Metaliteratura
Por Guadalupe Ángeles
Conocí a Graciela en la Secundaria, era una muchacha alta y vivaz. Nos
empezamos a juntar en los recreos para ver a los muchachos jugar futbol, no
sabíamos entonces que esa fiebre por meter goles solo volveríamos a verla en
los partidos de los mundiales.
El hambre de nuestros compañeros por ser campeones
era gemela de la nuestra por habitar el mundo de manera plena. Así fue que me
convertí en veterinaria y tengo ahora la cadena de tiendas para mascotas más
grande de esta ciudad en la que ambas crecimos.
Graciela, por su parte, cumplió su sueño de ser
escritora. Actualmente vive en Barcelona y todavía intercambiamos correos
electrónicos. Cuando es posible, nos reunimos en alguna parte del mundo y
pasamos algunos días junto al mar, del que ambas estamos enamoradas.
En nuestras últimas conversaciones electrónicas
percibí cierta tristeza en mi amiga. Al preguntarle la razón, primero trató de
minimizar el problema, luego me relató brevemente algunos hechos de su vida que
yo no conocía y recordó cierta inquietud que rondó por nuestra adolescencia por
algún tiempo: la verdadera naturaleza del Amor (así, en mayúsculas).

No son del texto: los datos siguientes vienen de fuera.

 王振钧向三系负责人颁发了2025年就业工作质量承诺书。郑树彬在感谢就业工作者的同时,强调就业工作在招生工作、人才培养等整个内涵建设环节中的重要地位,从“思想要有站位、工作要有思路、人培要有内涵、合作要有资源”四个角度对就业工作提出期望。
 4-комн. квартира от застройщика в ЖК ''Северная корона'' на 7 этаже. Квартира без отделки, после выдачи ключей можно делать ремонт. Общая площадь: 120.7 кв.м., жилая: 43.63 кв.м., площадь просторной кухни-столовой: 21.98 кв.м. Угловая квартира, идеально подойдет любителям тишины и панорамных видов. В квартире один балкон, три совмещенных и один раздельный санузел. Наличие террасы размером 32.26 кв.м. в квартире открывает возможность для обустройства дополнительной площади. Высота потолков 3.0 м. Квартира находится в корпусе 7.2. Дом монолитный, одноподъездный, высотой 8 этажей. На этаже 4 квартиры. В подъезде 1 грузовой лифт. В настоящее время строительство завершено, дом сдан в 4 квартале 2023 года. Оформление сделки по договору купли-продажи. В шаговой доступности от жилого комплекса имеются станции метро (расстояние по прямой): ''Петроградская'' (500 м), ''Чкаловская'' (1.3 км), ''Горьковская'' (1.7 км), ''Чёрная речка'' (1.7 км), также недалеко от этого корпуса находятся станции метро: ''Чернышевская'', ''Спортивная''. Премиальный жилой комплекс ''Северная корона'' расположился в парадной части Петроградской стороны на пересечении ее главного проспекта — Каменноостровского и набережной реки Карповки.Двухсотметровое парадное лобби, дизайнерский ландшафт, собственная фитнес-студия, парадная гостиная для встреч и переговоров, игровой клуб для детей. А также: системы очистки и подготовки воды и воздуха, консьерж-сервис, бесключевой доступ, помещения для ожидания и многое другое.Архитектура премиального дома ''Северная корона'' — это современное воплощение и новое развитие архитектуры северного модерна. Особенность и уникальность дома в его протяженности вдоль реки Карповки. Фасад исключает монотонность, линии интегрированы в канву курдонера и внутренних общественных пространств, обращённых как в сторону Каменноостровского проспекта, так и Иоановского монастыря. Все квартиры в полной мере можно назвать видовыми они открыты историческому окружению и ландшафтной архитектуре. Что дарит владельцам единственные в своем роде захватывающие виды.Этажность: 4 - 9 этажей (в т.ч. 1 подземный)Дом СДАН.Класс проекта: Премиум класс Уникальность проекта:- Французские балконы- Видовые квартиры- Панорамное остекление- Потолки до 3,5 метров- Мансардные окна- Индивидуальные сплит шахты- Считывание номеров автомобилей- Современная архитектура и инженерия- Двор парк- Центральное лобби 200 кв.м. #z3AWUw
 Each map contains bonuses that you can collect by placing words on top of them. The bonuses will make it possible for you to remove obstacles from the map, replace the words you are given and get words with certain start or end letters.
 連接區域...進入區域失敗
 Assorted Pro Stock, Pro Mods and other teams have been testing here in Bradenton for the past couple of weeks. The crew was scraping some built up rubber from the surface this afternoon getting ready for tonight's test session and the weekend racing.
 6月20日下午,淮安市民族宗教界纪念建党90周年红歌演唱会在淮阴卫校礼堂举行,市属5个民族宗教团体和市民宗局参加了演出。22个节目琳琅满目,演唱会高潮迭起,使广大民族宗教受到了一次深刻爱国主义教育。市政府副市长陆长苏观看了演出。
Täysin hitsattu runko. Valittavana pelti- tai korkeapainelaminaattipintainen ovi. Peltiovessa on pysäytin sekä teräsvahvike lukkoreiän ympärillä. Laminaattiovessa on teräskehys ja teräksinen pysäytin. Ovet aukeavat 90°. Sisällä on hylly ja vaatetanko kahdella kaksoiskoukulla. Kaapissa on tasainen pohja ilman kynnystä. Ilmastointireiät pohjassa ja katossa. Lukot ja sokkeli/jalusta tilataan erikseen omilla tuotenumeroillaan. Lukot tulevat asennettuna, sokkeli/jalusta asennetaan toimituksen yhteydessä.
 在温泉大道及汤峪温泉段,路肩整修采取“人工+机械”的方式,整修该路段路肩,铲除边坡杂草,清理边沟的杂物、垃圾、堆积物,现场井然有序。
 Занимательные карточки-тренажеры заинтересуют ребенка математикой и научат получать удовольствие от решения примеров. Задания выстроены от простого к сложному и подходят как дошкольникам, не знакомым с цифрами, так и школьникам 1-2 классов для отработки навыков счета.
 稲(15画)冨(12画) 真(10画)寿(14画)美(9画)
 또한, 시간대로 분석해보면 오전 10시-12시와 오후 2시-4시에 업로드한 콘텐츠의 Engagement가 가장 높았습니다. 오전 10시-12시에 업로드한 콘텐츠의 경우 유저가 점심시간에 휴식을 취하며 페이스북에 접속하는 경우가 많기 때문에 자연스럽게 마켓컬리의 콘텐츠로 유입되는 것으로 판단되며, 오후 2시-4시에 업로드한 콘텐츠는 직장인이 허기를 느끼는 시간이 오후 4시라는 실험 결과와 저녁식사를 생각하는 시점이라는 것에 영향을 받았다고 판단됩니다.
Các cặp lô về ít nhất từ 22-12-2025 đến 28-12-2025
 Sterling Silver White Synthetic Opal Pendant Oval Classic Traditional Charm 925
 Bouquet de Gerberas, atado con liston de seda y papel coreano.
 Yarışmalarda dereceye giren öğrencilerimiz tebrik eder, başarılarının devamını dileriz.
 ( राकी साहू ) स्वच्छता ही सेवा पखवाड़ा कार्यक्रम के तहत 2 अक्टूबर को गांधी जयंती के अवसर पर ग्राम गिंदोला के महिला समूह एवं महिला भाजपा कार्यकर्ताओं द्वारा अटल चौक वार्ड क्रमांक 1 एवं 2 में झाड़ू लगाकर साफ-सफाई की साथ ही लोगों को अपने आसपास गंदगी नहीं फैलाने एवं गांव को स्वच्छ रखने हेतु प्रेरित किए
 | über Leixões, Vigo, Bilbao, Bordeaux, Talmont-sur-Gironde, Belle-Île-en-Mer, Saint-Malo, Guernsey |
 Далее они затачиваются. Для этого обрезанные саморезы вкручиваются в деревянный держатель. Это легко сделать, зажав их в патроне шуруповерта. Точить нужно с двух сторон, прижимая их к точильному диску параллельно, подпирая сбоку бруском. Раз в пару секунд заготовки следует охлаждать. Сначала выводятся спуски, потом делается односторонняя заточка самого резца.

Después de comentarle mi actual percepción del
asunto, ella me envió un largo mensaje que finalmente logró tranquilizarme,
pues, luego de leerlo, sé que ya está lista para empezar a planear nuestras
próximas vacaciones.
Aquí su mensaje:
Si el Amor ‒sea eso lo que sea‒ pierde vigencia en la vida, ¿queda algo?
Pensemos en desiertos. Parecería que la palabrita esa
es sinónimo de vida. Cierto, estoy buscando un aire un poco más ligero, en
realidad, estoy tratando de respirar; "no soy el aire" es el título
de una canción que anuncia al rechazado su ingreso a la tierra ignota del
desamor.
Así de trágico, la desmesura es (ha sido siempre) la
marca de mi estilo.
Me ha sido tan bien vendida esta mercancía
metafísica que a punto estaría del suicidio si no hubiera sabido, desde
siempre, que el verdadero líder, a cargo de absolutamente todo, es el cerebro,
o la razón, no entidades equivalentes, pero casi. En esta ciencia del
raciocinio, siempre se tiene el mismo problema: la terminología. Así que no me
preocupo demasiado si determinada palabra significa tal cosa u otra,
afortunadamente este no es un texto científico, es más, diríamos que es
antagónico a eso; si fuera necesario describirlo... pero bueno, mi tarea no es
esa, sino hacerlo. Me he forzado a poner en palabras esto, creo que era
necesario.
Si se diera el caso de que un cuadro pudiera mirarse
a sí mismo y procediera, tras esa mirada, a explicarse, dejaría de ser un
cuadro e instantáneamente se transformaría en una máquina, un tanto extraña
pero totalmente inútil para los amantes del arte.
Lo mismo pasa aquí: se habla a menudo de la
"funcionalidad del texto", no me opongo a ello ni lo considero un
desatino, al contrario. La cuestión es que, cuando uno observa un cuerpo bello,
no le importa en qué máquinas trabajó (y cómo) su propietario en el gimnasio.
Es lo mismo. Uno no necesita saber que existe el azul Prusia o el verde agua
para disfrutar la belleza de un cielo reproducida en una pintura.
Disiento de mí, eso se nota, y precisamente ese es
el pecado, el despropósito que ejemplifica, como un doble mensaje crea paisajes
esquizofrénicos.
Valga. Es difícil descreer o confesar que,
lejos de la propia piel, un concepto puede ser validado a cabalidad.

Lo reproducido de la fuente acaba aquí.